Entonces miré a mi izquierda y vi algo igualmente profundo. Un hombre común entre la multitud… solo que no era común en absoluto. Era Jon Polin, el padre de Hersh Goldberg-Polin, uno de los rehenes que no logró salir con vida de Gaza. Estaba allí, con el corazón arrancado por una pérdida inimaginable, sosteniendo físicamente a otra familia en duelo, ayudándoles a sobrellevar su pena.

No quedó un solo ojo seco en la multitud.

En todos mis años estudiando Psicología Positiva, una ciencia que se enfoca en la resiliencia, la esperanza y el sentido de la vida, no hay datos, ni investigaciones, ni marco teórico que expliquen la magnitud de lo que presencié esa noche. Los libros hablan de crecimiento postraumático, de encontrar sentido en el sufrimiento, de la capacidad humana de resiliencia. Pero ante esto, guardan silencio. Lo que vi trasciende todo modelo y toda medida que hayamos desarrollado para entender la fuerza humana.

La dicotomía era impresionante, en el sentido más literal de la palabra: inspiraba asombro, admiración, reverencia. Una nación puesta de rodillas por el dolor, pero que de algún modo se erguía más alta que nunca. Rota, pero negándose a quebrarse. Llorando, pero sin perder la esperanza. Sepultando a sus muertos mientras abraza a los vivos que han regresado.

Esta es la paradoja del pueblo judío que nos ha sostenido durante milenios. Lloramos profundamente, auténticamente, sin contención. Sin embargo, no nos rendimos ante la desesperación. Asistimos a segundos funerales por nuestros héroes caídos. Vemos a rehenes demacrados tambalearse para honrar a sus comandantes. Vemos a padres que perdieron a sus hijos consolar a otras familias en duelo.

Y de algún modo, contra toda lógica, seguimos adelante.

Porque eso es lo que Daniel habría querido. Eso es lo que Hersh habría querido. Eso es lo que esta nación siempre ha hecho: nos sostenemos unos a otros cuando mantenerse en pie parece imposible. Encontramos fortaleza no a pesar de nuestra ruptura, sino a través de ella.

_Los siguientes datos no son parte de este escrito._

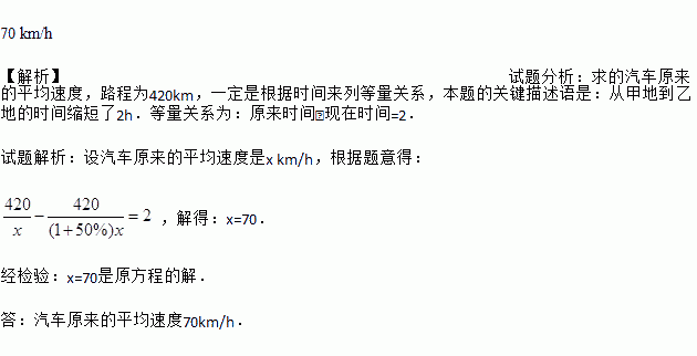 某内陆城市为了落实国家“一带一路”战略,促进经济发展,增强对外贸易的竞争力,把距离港口420 km的普通公路升级成了同等长度的高速公路,结果汽车行驶的平均速度比原来提高了50%,行驶时间缩短了2 h,求汽车原来的平均速度.

Al dejar Har Herzl esa noche, llevé conmigo dos sentimientos que no deberían coexistir, pero que de algún modo coexisten en el corazón judío: una profunda tristeza y un profundo orgullo. Tristeza por todo lo que hemos perdido. Orgullo por quiénes somos ante lo impensable.

Así es como esta nación sigue adelante: juntos, desgarrados pero inquebrantables, apoyándonos unos a otros en lo insoportable hasta que, de algún modo, se vuelve soportable.

Que el recuerdo de Daniel sea una bendición. Que todos nuestros caídos sean recordados.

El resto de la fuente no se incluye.